Source of Support: None, Conflict of Interest: None
Context: This research describe the characteristic volume expansion of a moving target as a function of differential margins.
Aim: We aimed to ascertain the volume change after giving margin for clinical and set up uncertainties including generating internal target volume (ITV) for moving target.
Materials and Methods: Settings and Design – Spheres of diameter (0.5–10 cm) with differential expansion of 1–15 mm were generated using a mathematical formula. Moving targets of radius 1–5 cm were generated, and the resultant volume envelopes with incremental motion from 1 to 20 mm were obtained. All relative volume change results were fitted with mathematical functions to obtain a generalized mathematical formula.

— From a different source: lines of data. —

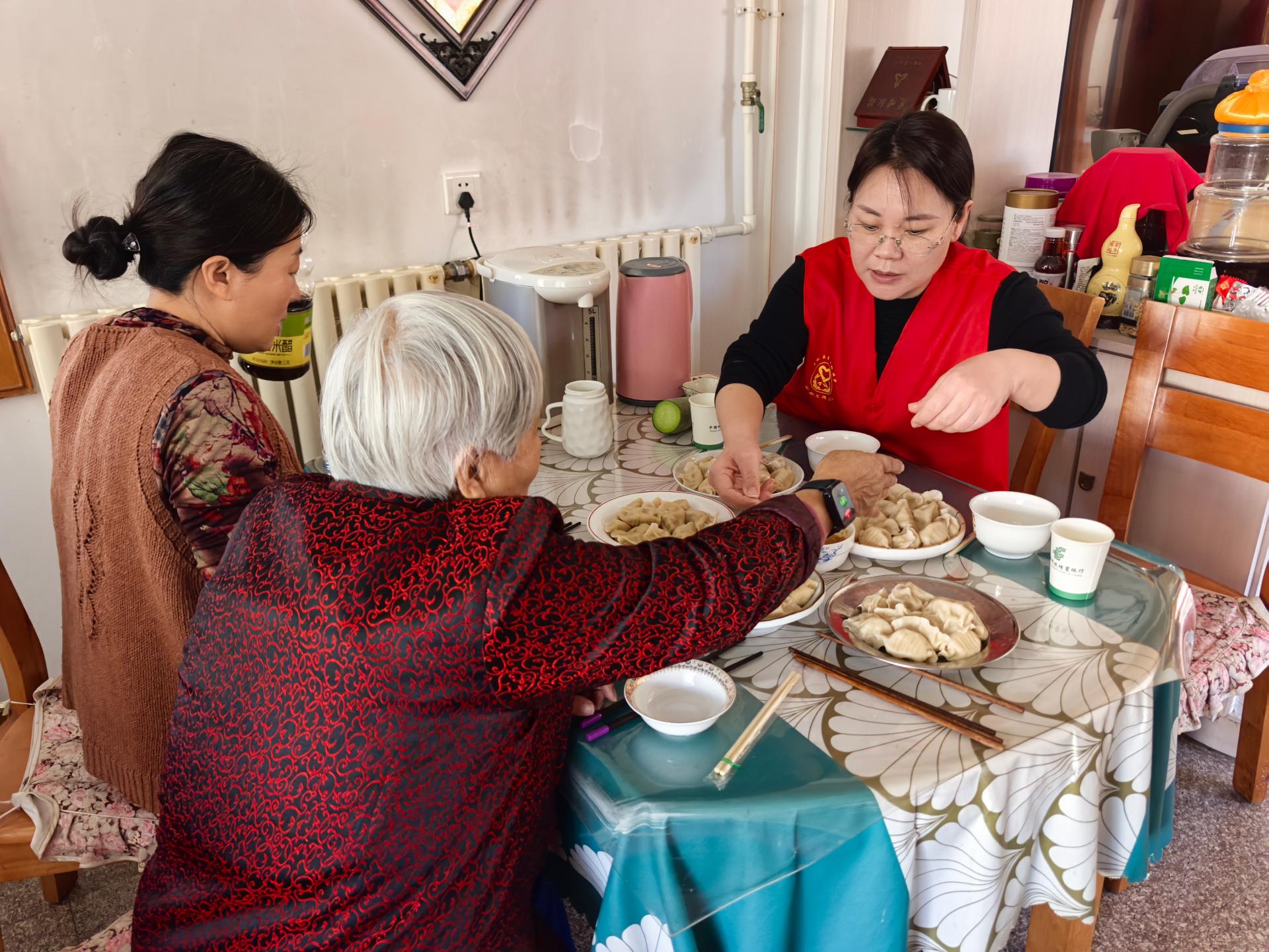 晨光暖夕阳活动继续 冬至时节,寒风虽凛,却吹不散招远市手牵手爱心志愿者联合会带来的融融暖意。志愿者们带着精心准备的食材和满满心意,走进救助生奶奶的家中——这处由姑姑提供的温馨住所。一进门就看见奶奶带着给配置的应急手环!面对奶奶抱恙的身体,大家分工协作,和面、调馅、擀皮,一双双巧手翻飞间,一盘盘圆润饱满的饺子整齐排列。热气腾腾的饺子出锅后,屋内飘香四溢,老人(孩子去学习班不在家里)围坐桌旁,笑声与话语交织成温暖的乐章。志愿者们不仅用美食驱散了冬日的寒意,更以陪伴传递了社会的关怀,让这个冬至,成为老人和孩子心中一抹难忘的温情记忆。
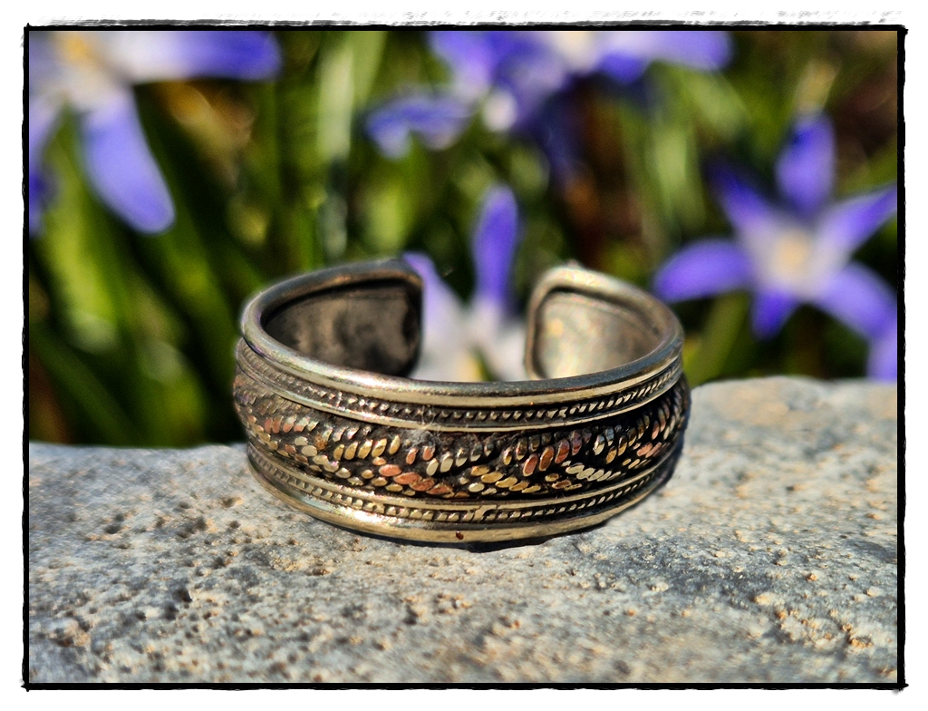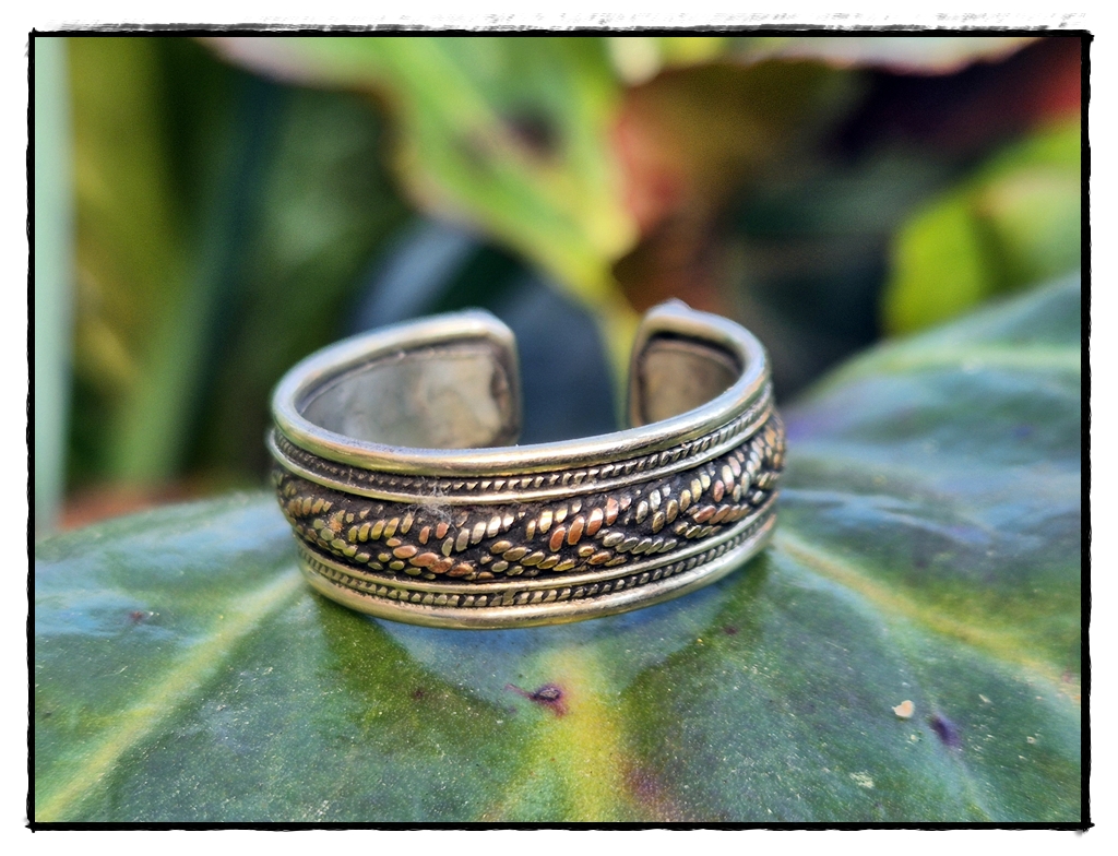 Der verzierte Ring stammt aus einer kleinen Werkstatt in Kathmandu. Er ist in aufwändiger traditioneller Handarbeit produziert.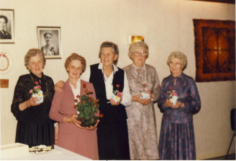 Fra 50-årsfesten på¨sanitetshuset i 1981. Konnerud sjømannsmisjon ble stiftet 23. november i 1931, Fra v: Ragnhild Thoresen (nesten 50 år som nestformann/formann), Gustava Wisting, Randi Aaserud (første formann), Ragnhild Amundsen og Ingrid Skramstad.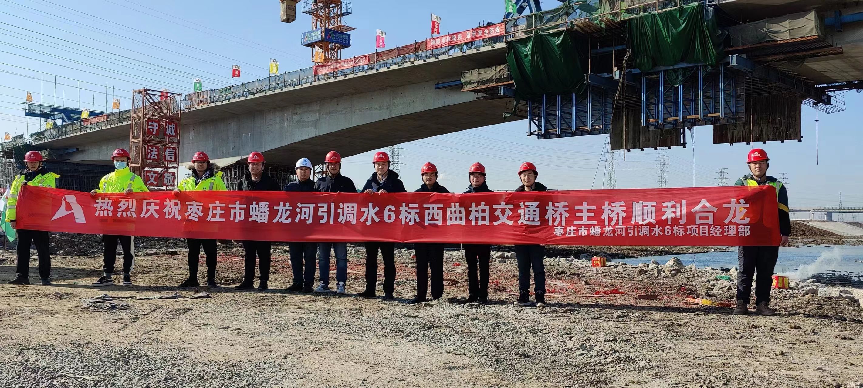 西曲柏交通桥主桥合龙,标志着项目建设取得了阶段性胜利,为大桥全面通车提供了充分的先决条件。枣庄蟠龙河项目部将继续发扬“勇于担当,敢为人先”的企业精神,坚持精细化管理不松懈,合力攻坚,戮力拼搏,为实现西曲柏交通桥全面通车目标继续努力!

Statistical Analysis Used: None.
Results: The percentage increase in volume (%ΔVp) was much more pronounced for smaller radius target. For moving target with relatively smaller radius, %ΔVp is predominant over the absolute volume change and vice versa in case of larger radius. Mathematical formulae were obtained for %ΔVp as a function of radius and expansion and for %ΔVp in ITV volume as a function of radius and tumor movement.
Conclusions: This study provides an idea of volume change for various expansions for various size targets and/or moving target for different range of movements. It establishes a correlation of these volume changes with the changing target size and range of movements. Finally, a clinically useful mathematical formulation on volume expansion has been developed for rapid understanding of the consequence of volume expansion.
Keywords: Margins, radiotherapy, target, volume
|How to cite this URL:|
Munshi A, Sarkar B, Paul S, Chaudhari BB, Chauhan RS, Ganesh T, Mohanti BK. A mathematical formulation for volume expansions in contouring for radiotherapy planning. J Can Res Ther [Epub ahead of print] [cited 2021 Jun 22]. Available from: https://www.cancerjournal.net/preprintarticle.asp?id=315672
| > Introduction|| |
The past 2–3 decades have seen the evolution of radiotherapy from two-dimensional (2D) to 3D and volumetric planning. Image-based radiotherapy is the norm in most radiotherapy centers. Various ICRU recommendations serve as guidelines for the concepts of gross tumor volume (GTV), clinical target volume (CTV), internal target volume (ITV), and planning target volume (PTV),, ICRU reports (ICRU50, ICRU62, and ICRU83) have detailed the issues of margins to the gross tumor for microscopic diseases, motion, and setup uncertainty.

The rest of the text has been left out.